Mayor Emanuel and DCASE have designated 2017 the “Year of Public Art,” providing a unique catalyst for the launch of the Chicago Public Art Plan. The citywide celebration commemorates the fiftieth anniversary of two seminal artworks — the Picasso in Daley Plaza and the Wall of Respect, which once stood at 43rd Street and Langley Avenue on the South Side — and highlights the important role public art has played in Chicago’s history. The year-long initiative, representing a $4 million investment by DCASE and other City departments, includes the creation of a public art youth corps, a public art festival and the new 50×50 Neighborhood Arts Project, which commissioned new work in all of Chicago’s fifty wards. Grant support for the Year of Public Art is provided by Allstate Insurance Company and the Terra Foundation for American Art as part of Art Design Chicago.
Public art has long been incorporated into projects at a variety of City departments—including DCASE as well as the Department of Transportation, Chicago Park District, Chicago Public Library and Chicago Transit Authority, among others.
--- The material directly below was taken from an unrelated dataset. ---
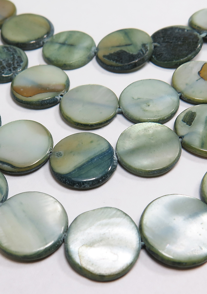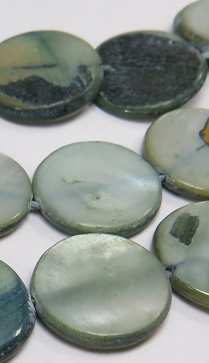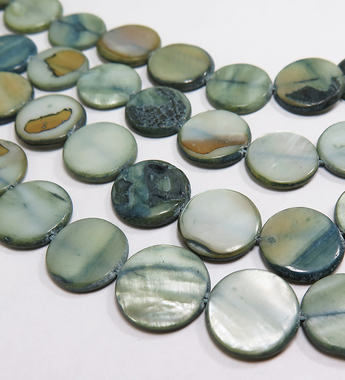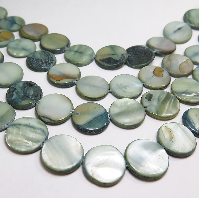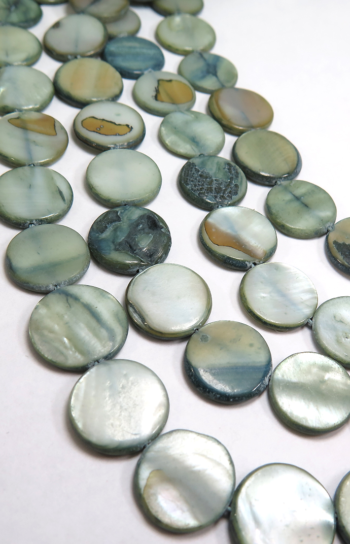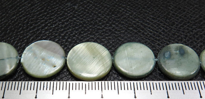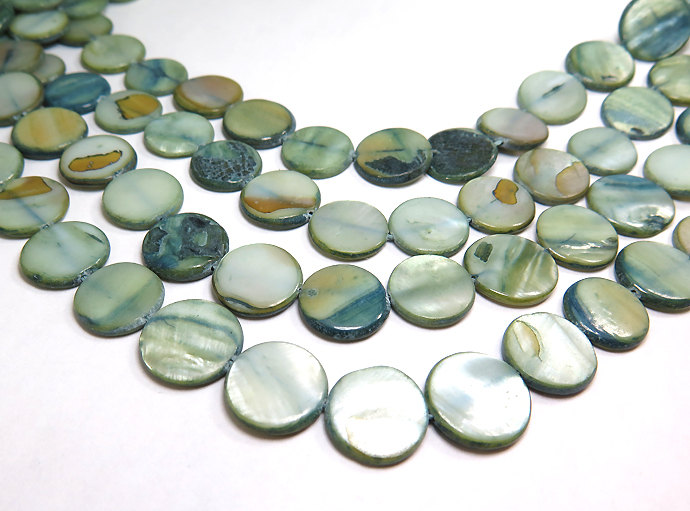 シェルビーズ ラウンド フラット 平 丸(染・ブルーグリーン系)(14mm前後)1本

As part of the Year of Public Art, installations, exhibits and events were present in all neighborhoods across Chicago during 2017. These projects ranged from installations on the Chicago Riverwalk this summer to the addition of 15 new Cultural Center Sculptures at each of the Chicago Park District Cultural Centers this winter. CTA partnered with DCASE to install illuminated light boxes later at select rail stations, expanding on CTA’s current collection of public art, which has nearly doubled under the Mayor’s leadership and now includes more than 60 mosaics, art glass and sculptures on all eight rail lines.
Chicago has long been known as a global leader in defining and shaping public art. Chicago was one of the first municipalities in 1978 to implement an ordinance mandating that 1.33% of the cost of public buildings be set aside for the creation of original artwork. The Chicago Public Art Collection managed by DCASE includes more than 500 works of art exhibited in over 150 municipal facilities around the city, such as police stations, libraries, and CTA stations. The Collection provides the citizens of Chicago with an improved public environment and enhances city buildings and spaces with quality works of art by professional artists.
For more information, visit cityofchicago.org/yopa—and join the conversation on Facebook (Department of Cultural Affairs and Special Events), Twitter and Instagram, @ChicagoDCASE #2017isYOPA #ChiPublicArt.
Chicago Department of Cultural Affairs and Special Events
The Department of Cultural Affairs and Special Events is dedicated to enriching Chicago’s artistic vitality and cultural vibrancy. This includes fostering the development of Chicago’s non-profit arts sector, independent working artists and for-profit arts businesses; providing a framework to guide the City’s future cultural and economic growth, via the 2012 Chicago Cultural Plan; marketing the City’s cultural assets to a worldwide audience; and presenting high-quality, free and affordable cultural programs for residents and visitors.